### Supplied material ###

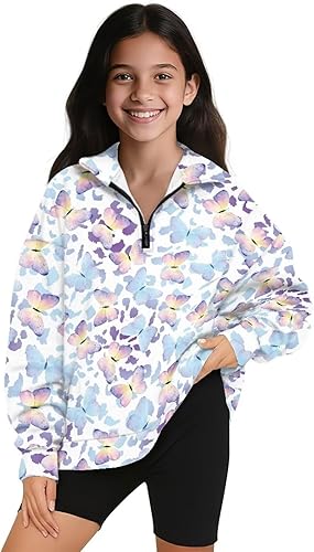 Pensura Girls Hoodies Sweatshirts Oversized Half Zip Collar Sweatshirts Soft Long Sleeve Pullover Tops
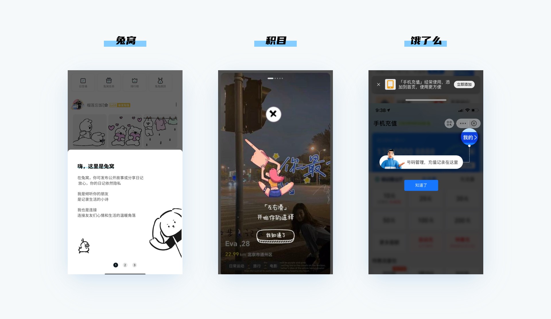 新手引导本身是强制让用户适应新功能而添加的交互,过量或(对用户)无用的引导会使用户反感,插画就可以起到降低负面情绪的作用 2.结合IP形象的新手引导,大大增加了趣味性
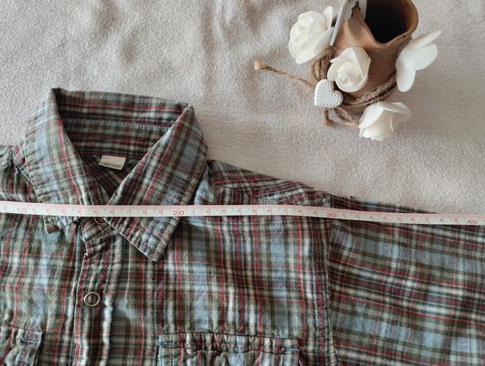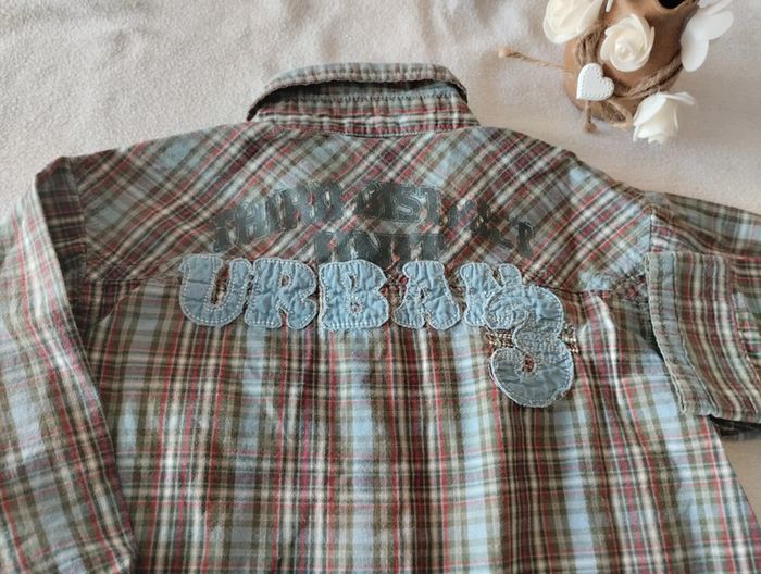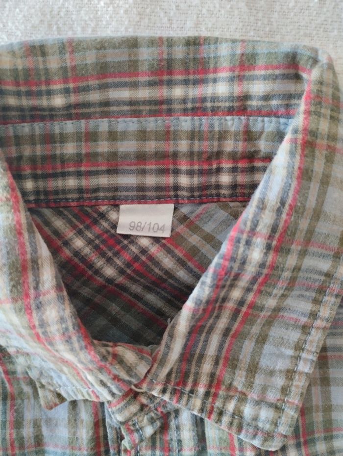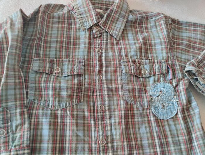 Belle chemise manches longues 2 petites pochettes sur le torse Motif en relief dans le dos ainsi que sous la pochette gauche Fermeture par pressions Mesures sur les dernières photos Taille notée : 98/104cm Marque : non notée mais Zeeman Réduction sur les lots activée #4ans_laurence8777
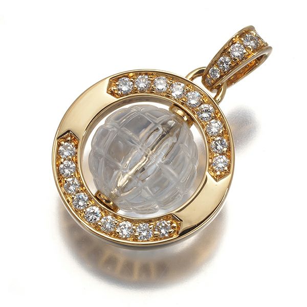 地球を思わせるような細やかなカーヴィングが施されたクォーツが透明感溢れる輝きを魅せながら回転する ブシュロンの遊び心が感じられる2000年限定のペンダントトップ。周囲に飾られた極上厳選ダイヤが洗練された美しさを醸し出しています。

###

# Exercise goal:
Reproduce the lines from the one with "新手引导本身是强制让用户适应" through the end of the data, keeping both end lines, adding nothing, and dropping any pictures.

# Response area:
 新手引导本身是强制让用户适应新功能而添加的交互,过量或(对用户)无用的引导会使用户反感,插画就可以起到降低负面情绪的作用 2.结合IP形象的新手引导,大大增加了趣味性
 Belle chemise manches longues 2 petites pochettes sur le torse Motif en relief dans le dos ainsi que sous la pochette gauche Fermeture par pressions Mesures sur les dernières photos Taille notée : 98/104cm Marque : non notée mais Zeeman Réduction sur les lots activée #4ans_laurence8777
 地球を思わせるような細やかなカーヴィングが施されたクォーツが透明感溢れる輝きを魅せながら回転する ブシュロンの遊び心が感じられる2000年限定のペンダントトップ。周囲に飾られた極上厳選ダイヤが洗練された美しさを醸し出しています。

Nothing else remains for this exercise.